Although there is no evidence of extensive human activity or presence in the area, the earliest human visitors to the French Frigate Shoals probably came from the main Hawaiian Islands, which were settled by Polynesians between 1100 and 1300 AD.

The Hawaiian island chain lay outside the routes followed by early European explorers, and it was not until Jean-François de La Pérouse's near-disastrous discovery that the shoals were known to the outside world. La Pérouse, aboard the frigate Boussole, was sailing westward from Monterey en route to Macau. During the night of 6 November 1786, sailors sighted breakers directly in their path, about a thousand feet ahead. Both the Boussole and her companion vessel, the frigate Astrolabe, were immediately brought about, passing within a few hundred feet of the breakers. At daybreak, the ships returned and mapped the southeastern half of the atoll, as well as finding the rock that would later be named after La Pérouse. La Pérouse named the shoals Basse des Frégates Françaises, the "Shoal of the French Frigates".

The expedition went on to discover the nearby Necker Island. His ships were L'Astrolabe (under command of Fleuriot de Langle) and the La Boussole. La Perouse was on a mission of exploration from the French Academy of Sciences, and they made many discoveries in across the Pacific. The expedition was lost at sea in 1788 while still on the expedition, but was able to send its logs home.

In 1823, the whaling ship Two Brothers sank near Shark island. This wreck was discovered in the early 21st century.

In 1841 the French Frigate Shoals were visited by the United States Exploring Expedition authorized by President Andrew Jackson. The shoals were visited by the sailing ships, brigs Oregon and Porpoise.

In 1859 the barque Gambia (a) and clipper Modern Times visited the French Frigate Shoals. That same year the whaler South Seaman wrecked on the shoals. About a dozen of its crew were rescued by another vessel in the area, but about 30 were left on the island until another ship could retrieve them. In December 1859 the brig Wanderer was also lost on the shoals, but the crew was rescued.

During the late 19th century American and European companies became interested in the possibility of mining guano in the Hawaiian Islands. U.S. Navy Lieutenant John M. Brooke, sailing on the naval schooner , formally took possession of French Frigate Shoals for the United States on 14 January 1859, in accordance with the Guano Islands Act. In 1894, French Frigate Shoals, Kure Atoll, Midway Atoll, and Pearl and Hermes Reef were leased for 25 years by the Republic of Hawaii to the North Pacific Phosphate and Fertilizer Company; however, guano and phosphate deposits at French Frigate Shoals were found to be impractical to mine. The Republic did not formally claim possession of the shoals until 13 July 1895.

French Frigate Shoals was included among the lands and waters acquired by the United States on 7 July 1898, when Hawaii became a United States territory.

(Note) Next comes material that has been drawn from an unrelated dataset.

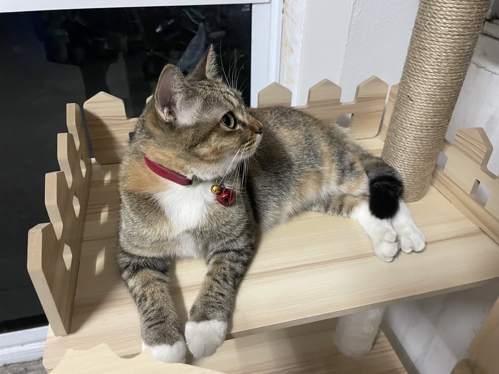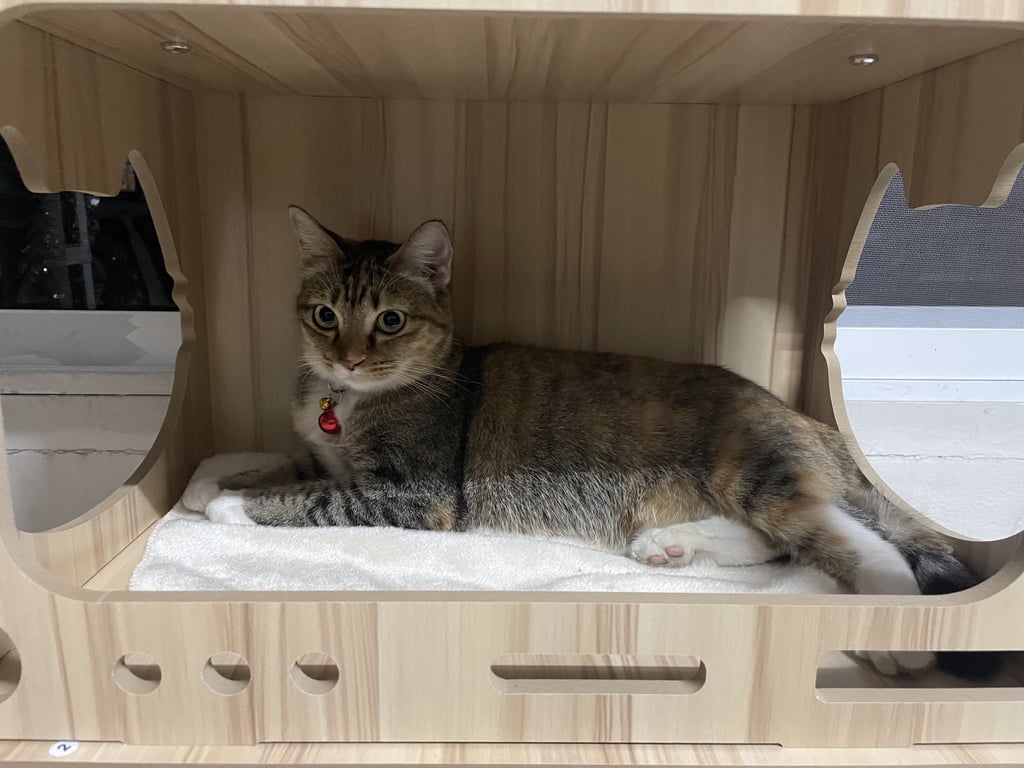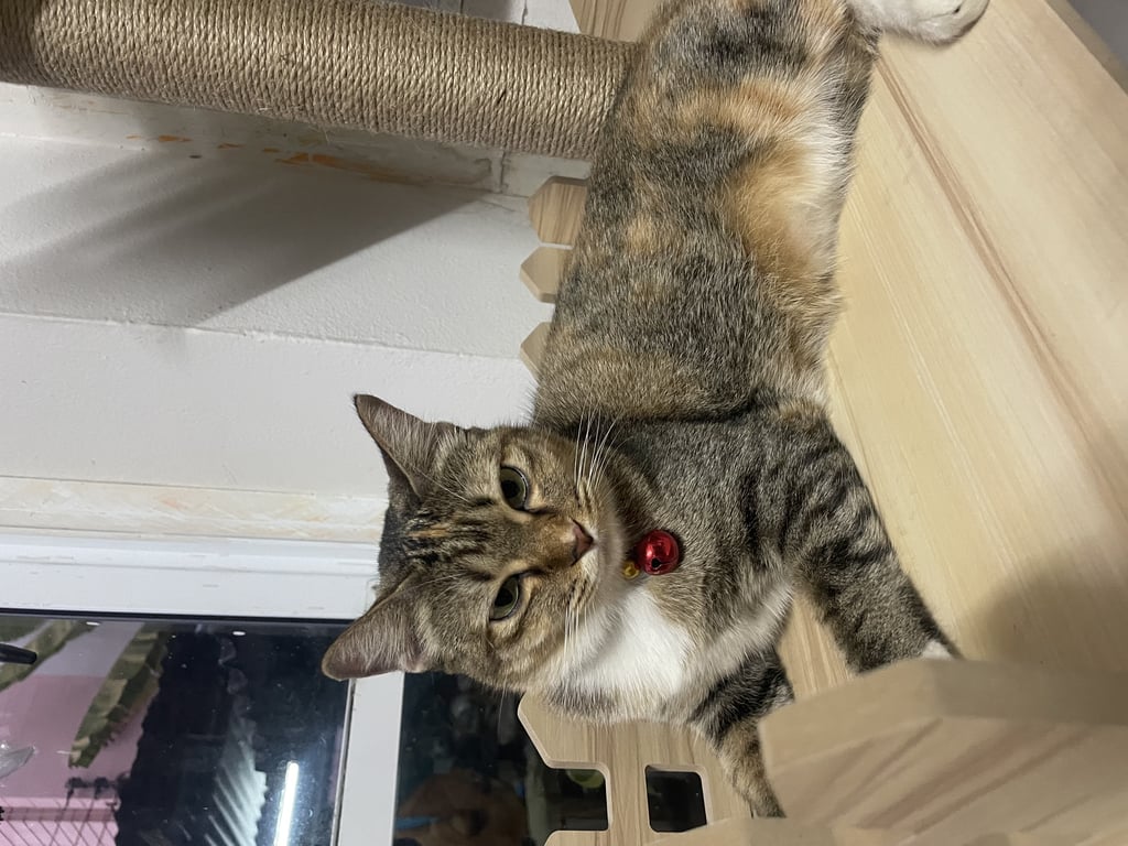 รอยตำหนิ: มีลายเหมือนใส่ถุงเท้าสีขาวทั้ง 4 ข้าง ปลายหางดอกสีดำนิสัยค่อนข้างซุกซน น้องชอบปีนต้นไม้ ชอบดูนก กินเก่ง
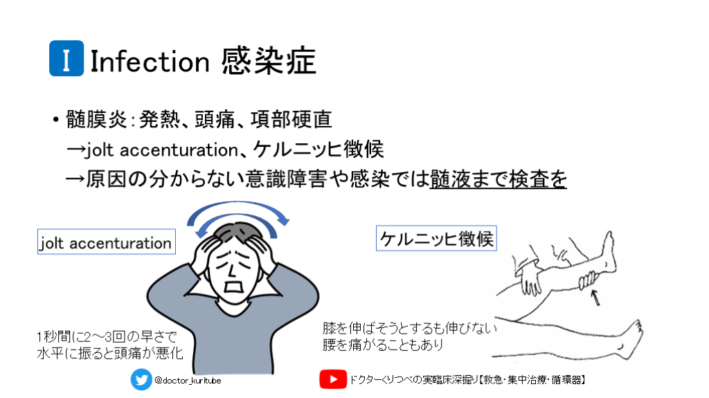 ケルニッヒ徴候 jolt accenturation 膝を伸ばそうとするも伸びない

In 1909 it was made a part of the Hawaiian Islands Bird Reservation.

In 1896 the seal hunting ship Mattie E. Dyer wrecked on the shoals, and the crew abandoned ship in whaleboats. There was no water on the island they landed on among the shoals so they sailed the boats to Hawaii.

Early 20th century
In 1902 the Albatross expedition visited the French Frigate Shoals and studied the birds. Several naturalists visited and published an ornithological report.

In 1903 the ship Connétable de Richemont wrecked on the shoals, but its crew escaped on boats to mainland Hawaii.

In 1909 the French Frigate Shoals became part of the Hawaiian Island Reservation and administered by the United States Department of Agriculture.

In 1917 the four-mast schooner Churchill wrecked on the French Frigate Shoals. The crew of 12 survived.

The Tanager Expedition visited the French Frigate Shoals in 1923 and did a survey of the islands.

The United States Revenue Cutter Service sent many patrols to this region in the early 20th century. The U.S. Revenue Cutter Service vessel USRC Thetis visited the French Frigate Shoals in 1912, 1914, 1915, and 1916. In 1918 the shoals were inspected by the USS Hermes. Shoal inspections in the 1920s and 1930s include ones by the USS Pelican in 1924, the USRC Itasca in 1931 and 1934, and the USCGC Reliance in 1936.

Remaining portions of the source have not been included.